Unlike animals, plants and yeasts only have a class III phosphatidylinositol 3-kinase (PI3KC3). Its lipid product, phosphatidylinositol 3-phosphate (PtdIns-3-P, PI3P), organizes intracellular trafficking routes such as autophagosome formation, multivesicular body (MVB) formation, retro-transport from trans-Golgi network (TGN) to late Golgi, and the fusion events between autophagosomes and MVBs and the vacuole. The catalytic subunit of plant PI3KC3 is encoded by the essential gene Vacuolar Protein Sorting 34 (VPS34). Despite the importance of VPS34 in cellular homeostasis and plant development, a VPS34 interactome is lacking. Here we employed TurboID, an enzyme-catalyzed proximity labelling (PL) method, to describe a proximal interactome of Arabidopsis VPS34. TurboID catalyzed spatially restricted biotinylation and enabled VPS34-specific enrichment of 273 proteins from affinity purification coupled with mass spectrometry. The interactome confirmed known functions of VPS34 in endo-lysosomal trafficking. Intriguingly, carbohydrate metabolism was the most enriched Gene Ontology (GO) term, including glycolytic enzymes in the triose portion and enzymes functioning in chloroplast triose export and sucrose biosynthesis.
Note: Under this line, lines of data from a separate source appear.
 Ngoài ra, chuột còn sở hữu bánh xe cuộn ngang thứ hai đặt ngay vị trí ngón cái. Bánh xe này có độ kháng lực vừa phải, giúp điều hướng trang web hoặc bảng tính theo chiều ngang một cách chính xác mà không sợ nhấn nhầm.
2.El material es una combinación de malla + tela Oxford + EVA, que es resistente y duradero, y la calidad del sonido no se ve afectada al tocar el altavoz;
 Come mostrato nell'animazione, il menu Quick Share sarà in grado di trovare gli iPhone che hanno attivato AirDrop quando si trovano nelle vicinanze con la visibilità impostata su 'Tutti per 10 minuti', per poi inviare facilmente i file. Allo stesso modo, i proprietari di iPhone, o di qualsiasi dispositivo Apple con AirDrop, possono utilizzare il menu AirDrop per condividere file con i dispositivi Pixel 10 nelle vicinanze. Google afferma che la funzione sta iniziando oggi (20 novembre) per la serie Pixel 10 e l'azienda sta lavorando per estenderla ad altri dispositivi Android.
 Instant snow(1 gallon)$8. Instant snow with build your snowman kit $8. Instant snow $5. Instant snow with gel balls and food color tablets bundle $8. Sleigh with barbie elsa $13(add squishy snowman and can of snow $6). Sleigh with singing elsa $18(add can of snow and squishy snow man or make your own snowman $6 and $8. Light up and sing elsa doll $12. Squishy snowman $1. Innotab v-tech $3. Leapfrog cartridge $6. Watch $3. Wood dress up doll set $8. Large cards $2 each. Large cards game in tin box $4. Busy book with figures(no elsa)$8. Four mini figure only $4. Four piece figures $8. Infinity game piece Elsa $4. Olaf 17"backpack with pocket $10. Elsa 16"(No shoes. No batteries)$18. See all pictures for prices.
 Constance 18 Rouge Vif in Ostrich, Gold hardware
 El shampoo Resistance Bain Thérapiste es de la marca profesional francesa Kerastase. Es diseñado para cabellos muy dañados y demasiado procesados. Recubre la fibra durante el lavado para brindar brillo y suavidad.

The interaction between VPS34 and the glycolytic enzyme glyceraldehyde-3-phosphate dehydrogenase (GAPDH, GAPC1/2) was validated in planta. Also verified was the interaction between VPS34 and the plasma membrane H+-ATPase AHA2, a primary determinant of membrane potential. Our study links PI3KC3 to carbohydrate metabolism and membrane potential, two key processes that maintain cellular homeostasis.

Automated summary

This study used an enzyme-catalyzed proximity labelling method to describe the interactome of Arabidopsis VPS34. The results revealed that VPS34 is associated with carbohydrate metabolism and membrane potential, two key processes involved in maintaining cellular homeostasis.